How does the diameter of an open ended tube affect the frequency? I measured (using a software) the fundamental frequency produced in an open ended tube of different lengths. Does the diameter of an open ended (both ends) tube affect the fundamental frequency?
 A: 
The formula you derive for the resonance frequency of an organ pipe won't have a radius variable in the formula. The resonance frequency depends only on the length of the organ pipe. Theoretically, it is correct. 
For practical purposes, this is strictly not true. The frequency measured always tends to be lower than what you theoretically calculate. The pipe appears to be acoustically somewhat longer than its physical length. The increase in length depends on the radius of the pipe.
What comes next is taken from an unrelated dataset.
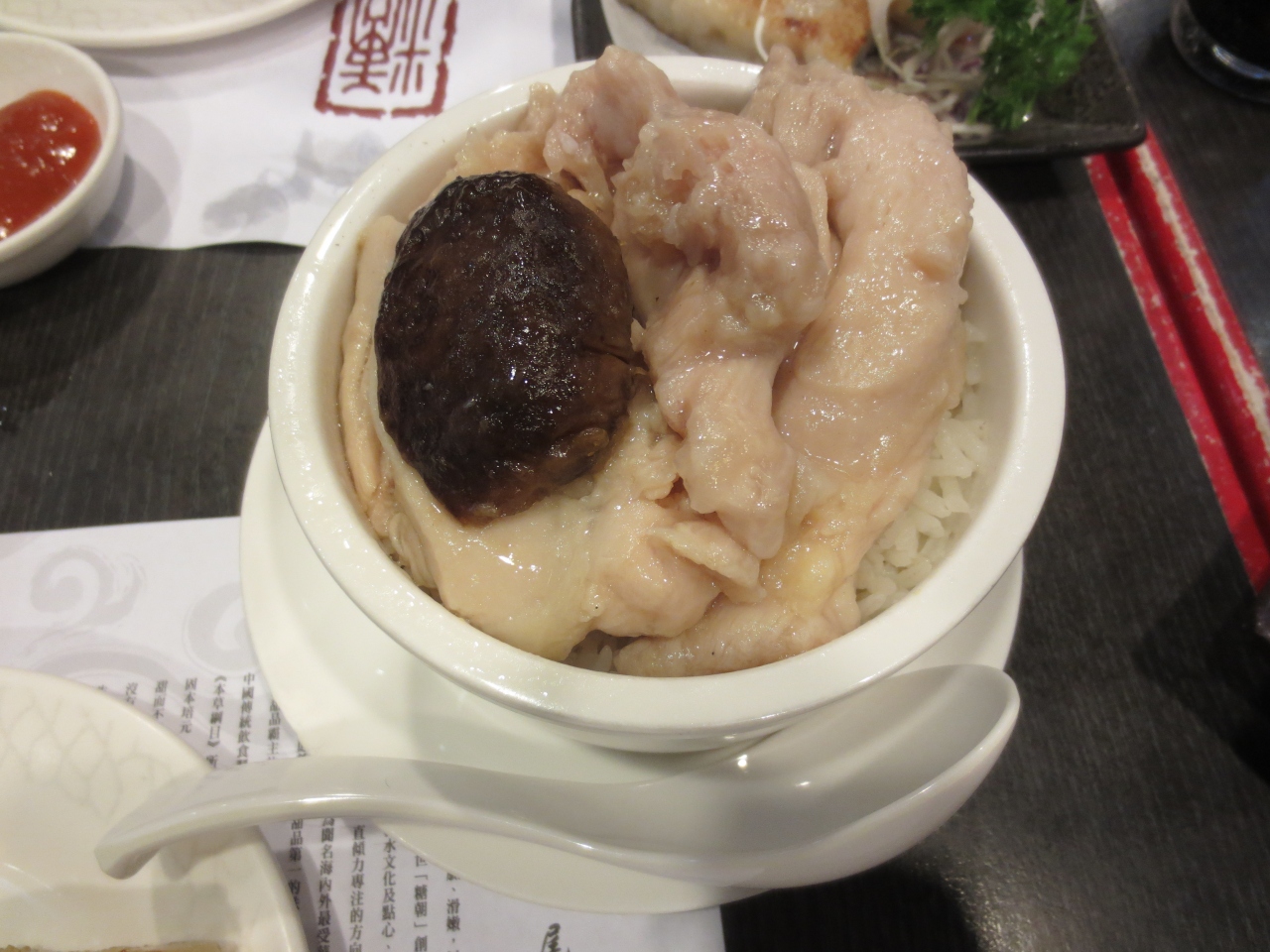 特製スープは、まるで残り物のごった煮という感じで、レンコン・トウモロコシのぶつ切りやら、何かのお肉の骨やら、イカの足やらが入っていました。具は出し殻、スープの味は薄く、まずかったです。
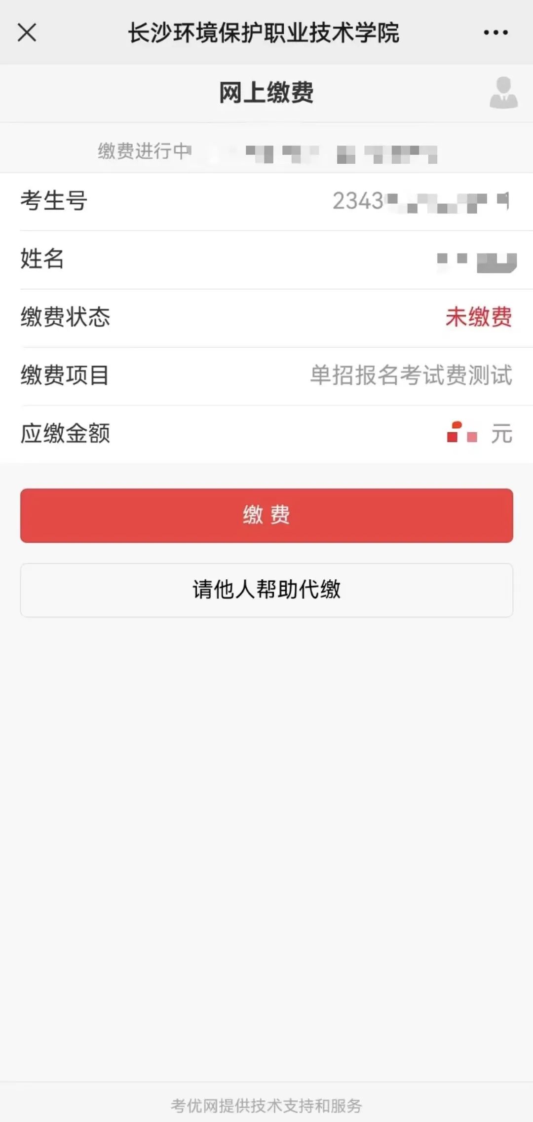 2.请考生关注“长沙环保职院招就处”微信公众号后进行缴费。

To account for that, additional corrective length (approximate) is added in the formula.
$$\Delta L_{closed-pipe} = 0.6r = 0.3D$$
$$\Delta L_{open-pipe} = 1.2r = 0.6D$$
The cause of this increase in length is:

A theoretical basis for computation of the end correction is the
  radiation acoustic impedance of a circular piston. This impedance
  represents the ratio of acoustic pressure at the piston, divided by
  the flow rate induced by it. The air speed is typically assumed to be
  uniform across the tube end. This is a good approximation, but not
  exactly true in reality, since air viscosity reduces the flow rate in
  the boundary layer very close to the tube surface. Thus, air column
  inside the tube is loaded by the external fluid due to sound energy
  radiation. This requires an additional length to be added to the
  regular length for calculating the natural frequency of the pipe
  system.
  Source: https://en.wikipedia.org/wiki/End_correction